# Where to buy a bed?



## SLS (30 Aug 2007)

Im not a local so apologies for the stupid qeuestion but Im wondering which shops to look in to buy a double bed?

Have asked colleagues and no one has come up with a good suggestion


----------



## DrMoriarty (30 Aug 2007)

Eh, local to _where_..?


----------



## andrew1977 (30 Aug 2007)

The butchers in the main street are doing a nice line in double beds this week ! 

On a serious level there are furniture stores everywhere , shop around and get the best deal you can, the quality of the mattress being the number one thing i look for .


----------



## SLS (31 Aug 2007)

Thanks for all the smart ar*e replies, much appreciated.

I hope if you ever have to live and work in another country not native to your own that others will be as helpful to you!

If anyone has any sensible answers Id really appreciate hearing them

Apart from department stores like Arnotts and Clerys, Im looking for actual name of furnitures stores to look at...


----------



## pinkyBear (31 Aug 2007)

Hi SLS,
If you are familiar to Navan, there is an Industrial estate - the beachmound industrial estate. There are about 20 shops - at all price levels - dearer - Navan Design to cheaper. They will also deliver free to Dublin, Meath, Kildare and Louth


----------



## SLS (31 Aug 2007)

Thanks


----------



## brodiebabe (31 Aug 2007)

SLS said:


> Thanks for all the smart ar*e replies, much appreciated.
> 
> I hope if you ever have to live and work in another country not native to your own that others will be as helpful to you!
> 
> ...


 
Where are you based?


----------



## SLS (31 Aug 2007)

Im based in Dublin but willing to consider surrounding areas if need be


----------



## eimsRV (31 Aug 2007)

Argos have a great range of beds, competitively priced. Only problem is you cant physically see them before you buy. 
Furniture stores such as Reids and Classic Furniture also stock beds, they have stores in Blanchardstown.


----------



## DrMoriarty (31 Aug 2007)

SLS said:


> Im based in Dublin but willing to consider surrounding areas if need be


That's all I meant by 'local to where?'. 

Saying 'I'm not from around here' doesn't really help people to guess what part of the country you want to shop in... 

The owner of www.furniture.ie has posted here helpfully in the past; their website might be worth a look before you start driving around?


----------



## argolis (31 Aug 2007)

If you are going out to Navan you should also go into the town centre and find Flowerhill furniture store. Personally, we shopped in the Beechmount estate, Flowerhill and several other places before finding what we wanted in Tony Langans on I think Talbot St. (?) in the city centre. We are really happy with the two beds+mattresses we got there.


----------



## TDON (31 Aug 2007)

If you are after something "quirky", Domus in Blanchardstown do some great stuff. If you want to save the feet you can check out their stock online first at this page ;  http://www.domuscentral.com/irelandweb/catalogue/catalogo.htm#

However, I purchased a bed that cost me IR£ 1,000.00 (not Euro) around 8/9 years ago in Arnotts and having reguraly turned and hoovered the mattress, it is still perfect. So you get what you pay for.

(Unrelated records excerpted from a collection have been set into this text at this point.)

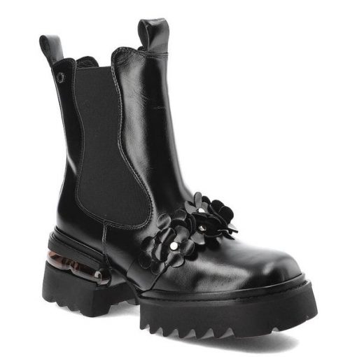 Czarne botki TUFFONI – 1223021LB Black to pełen elegancji fason, czerpiący inspirację od włoskich projektantów. Obłędna cholewka została wytworzona ze skóry naturalnej. Nietuzinkowy wykrój wykonano z dbałością o detale, odpowiadając na wymagania nowoczesnych kobiet. Wkładka i wnętrze z futerka syntetycznego dopasowują się do tęgości stopy, dzięki czemu skutecznie uszczelniają modną kompozycję. Damskie botki TUFFONI – 1223021LB Black
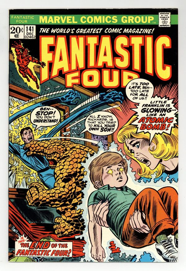 Starts Mar 23 "The End of the Fantastic Four!" Part 2 of 2. Script by Gerry Conway. Art by John Buscema (breakdowns) and Joe Sinnott (finishes). Cover by John Romita. The situation looks grim indeed as Reed, Sue, Ben, Johnny, Medusa, Franklin, Wyatt Wingfoot, and Agatha Harkness are all prisoners of Annihilus in the Negative Zone! What is the master of the Negative Zone planning for the helpless Fantastic Four? After connecting Franklin to his gene transmuter, Annihilus siphons the young boy's power to recharge his cosmic control rod! Can anyone stop the power transfer and save Franklin's life? Or will disaster strike the Fantastic Four? (Note: Annihilus appears next in Captain Marvel 35.) 36 pages Cover price $0.20.
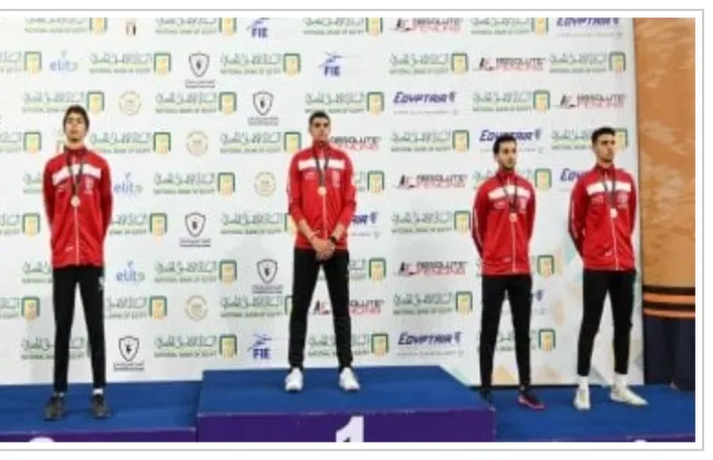 لاعبو منتخب مصر لسيف المبارزة للناشئين تحت 20 سنة ميداليات منافسات الفردي ببطولة أفريقيا للسلاح للناشئين والشباب و -15 سنة المقامة خلال الفترة ما بين 1 وحتى 7 مارس الجاري داخل مجمع الصالات المغطاة باستاد القاهرة الدولي.

There is also another furniture shop I saw some cool beds in but I can't remember the name. It is down Mary Street, almost next door to Penneys and opposite AXA insurance.

If you just want something to keep you going until you have a bit more cash, then I'd try Bargaintown on the Quays.


----------



## sham_bo (31 Aug 2007)

SLS said:


> Im based in Dublin but willing to consider surrounding areas if need be


 
I bought a double bed in Reids, Blanchardstown about 4 years ago in a sale.  I can safely say it is the singularly best purchase I have ever made in my life.  Even though it cost €1,000 euro at the time (full price would've been €2k), it's been more than worth it.  The only advice i'll give is make sure you go for the best one you can afford - remember you'll spend 33% of your life lying in it!!

hope this helps..

zzzzzzzzzzzzzzzzzzzzzzzzzzzzzzz


----------



## Goggin (31 Aug 2007)

Arnotts have a good range too


----------



## SNOWBALL (31 Aug 2007)

Try Bargaintown one in Tallaght and City centre, also try the Buy and Sell
magazine go online or buy it


----------



## Sue Ellen (31 Aug 2007)

There are many previous threads on beds both in this forum and the Homes and Gardens. You may get some advice from those.

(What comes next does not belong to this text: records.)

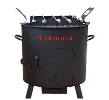 В корпус учага поместить и закрепить на зацепах второе дно. Уложить на него твердое топливо и разжечь. Установить на учаг подставку для шампуров и пользоваться ей по принципу мангала.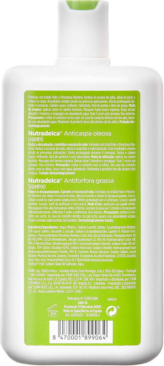 ISDIN Nutradeica anti-roos shampoo (400 ml) | vermindert overtollig sebum | verlicht jeuk en vermindert roos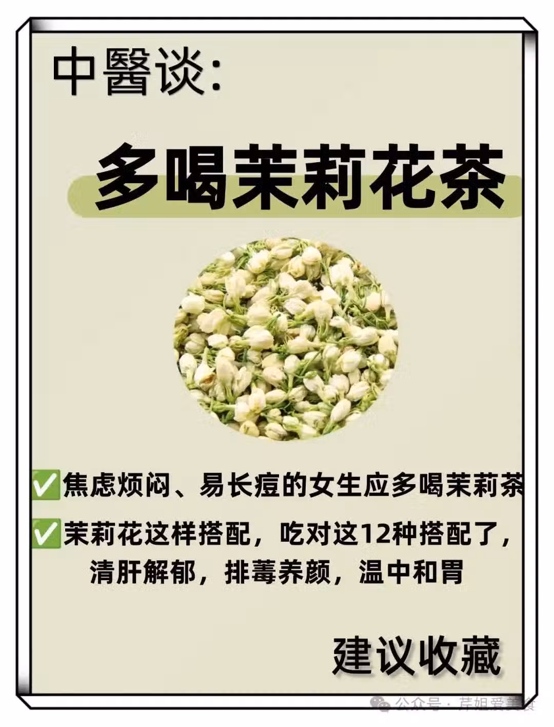 ⭐️茉莉花,性溫,味辛,微甘,歸脾、胃、肝經。它擁有疏肝解郁、舒緩情緒、溫中和胃、消腫止痛、排毒養顏的諸多好處。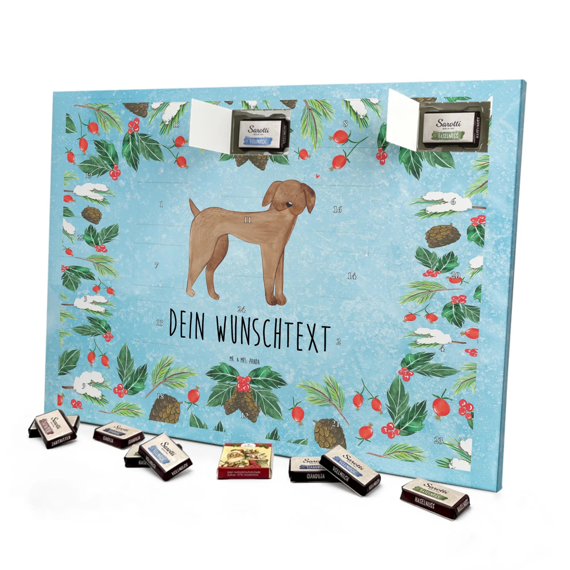 JETZT PERSONALISIEREN & VERSCHENKEN: Kreiere deinen individuellen Schokoladen Adventskalender von Mr. & Mrs. Panda – liebevoll bedruckt und gefüllt mit MARKENNAMEN Schokolade!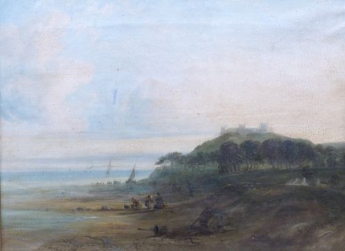 H Smyth 19thC oil on canvas Llanstephan (Llansteffan), South Wales, castle above shoreline with fishermen and boats, signed lower right and numbered 33, 46 x 61cm, in gilt frame
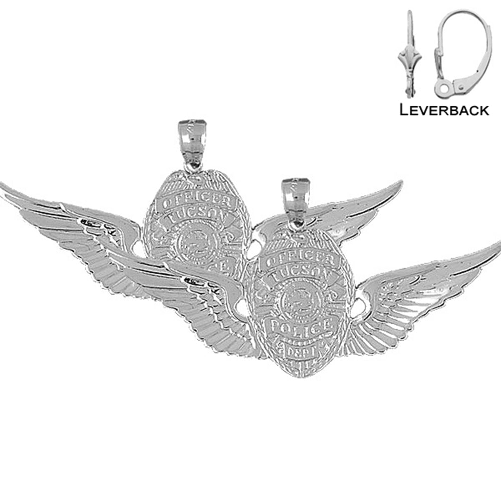 This is a stunning sterling silver 32mm tucson police earrings. This sterling silver earrings measures 32 mm in length by 65 mm width. JewelsObsession creates all our silver jewelry in our state of the art manufacturing facility.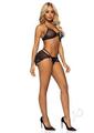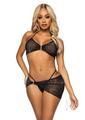 3 PC Rhinestone mesh bra top with ring accent, g-string panty, and matching sarong. Small Black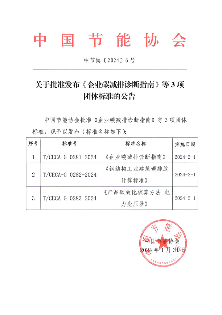 相關標準如下:T/CECA-G 0281-2024 企業碳減排診斷指南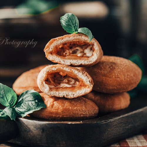 Chaque boule est ensuite garnie d’une cuillerée de sauce tomate ou sauce marinara relevée et d’un cube de mozzarella. On enfourne ensuite les pizza bombs jusqu’à ce qu’elles soient bien dorés.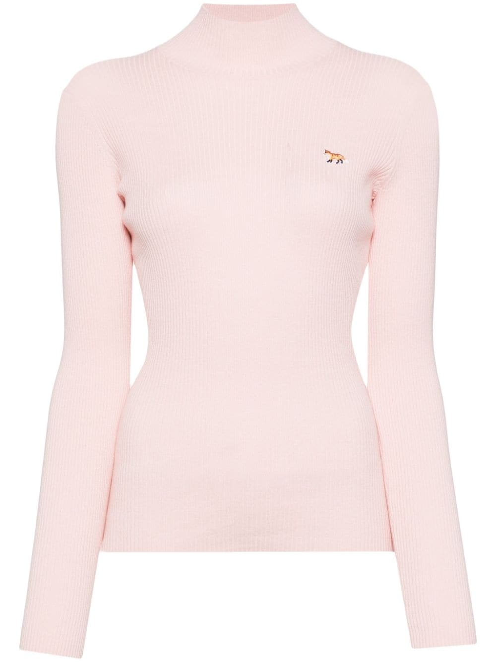 embroidered logo knitted top Highlights - Pale pink - Cotton-wool blend - Ribbed knit - Embroidered logo at the chest - Long sleeves - Mock neck - Straight hem Imported Composition Body: Cotton 50%, Wool 50% SIZE & FIT Model measurements Height 5 ft 10 in(1.77 m) Bust/Chest 31.49 in(80 cm) Hips 35.43 in(90 cm) Waist 25.19 in(64 cm) FittingInformation Designed for a slim fit that sits just away from the body offering a close yet comfortable fit Made with a midweight knit, this piece offers some stretch

Many posters have recommended in the past that it is best to test out a bed carefully, especially if there are any back problems in the family.

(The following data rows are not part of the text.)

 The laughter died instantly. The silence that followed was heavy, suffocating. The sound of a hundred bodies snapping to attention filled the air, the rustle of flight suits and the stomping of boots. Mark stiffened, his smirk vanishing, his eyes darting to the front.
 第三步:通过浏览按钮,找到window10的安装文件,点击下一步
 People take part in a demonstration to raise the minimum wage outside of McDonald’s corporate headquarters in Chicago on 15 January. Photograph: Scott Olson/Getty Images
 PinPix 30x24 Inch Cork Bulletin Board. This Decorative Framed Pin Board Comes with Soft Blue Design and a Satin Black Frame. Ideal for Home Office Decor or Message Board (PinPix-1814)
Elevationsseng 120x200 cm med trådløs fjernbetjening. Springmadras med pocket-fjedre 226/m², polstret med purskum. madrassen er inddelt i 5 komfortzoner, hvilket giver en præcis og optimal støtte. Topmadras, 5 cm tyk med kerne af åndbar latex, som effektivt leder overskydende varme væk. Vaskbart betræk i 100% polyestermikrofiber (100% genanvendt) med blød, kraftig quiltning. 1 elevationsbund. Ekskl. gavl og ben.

If you do choose a particular bed you could always compare the price on sites such http://www.beds.ie/

Happy snoozing [broken link removed]


----------



## SLS (31 Aug 2007)

Thanks all, much appreciated


----------



## annR (3 Sep 2007)

I bought a mattress about two years ago in Baize House in Swords and I am so not happy it - hasn't worn well at all.  Just as well we are replacing it anyway and buying a bigger bed.  We will definitely be going for the best we can afford.

We did spend some time in Beechmount a while ago but we were mostly shopping for other furniture.  I find it really hard to shop for beds and mattresses because I find the choice really daunting.  Divan type beds especially seem all the same to me.  Any pointers on how to buy high quality beds / mattresses?


----------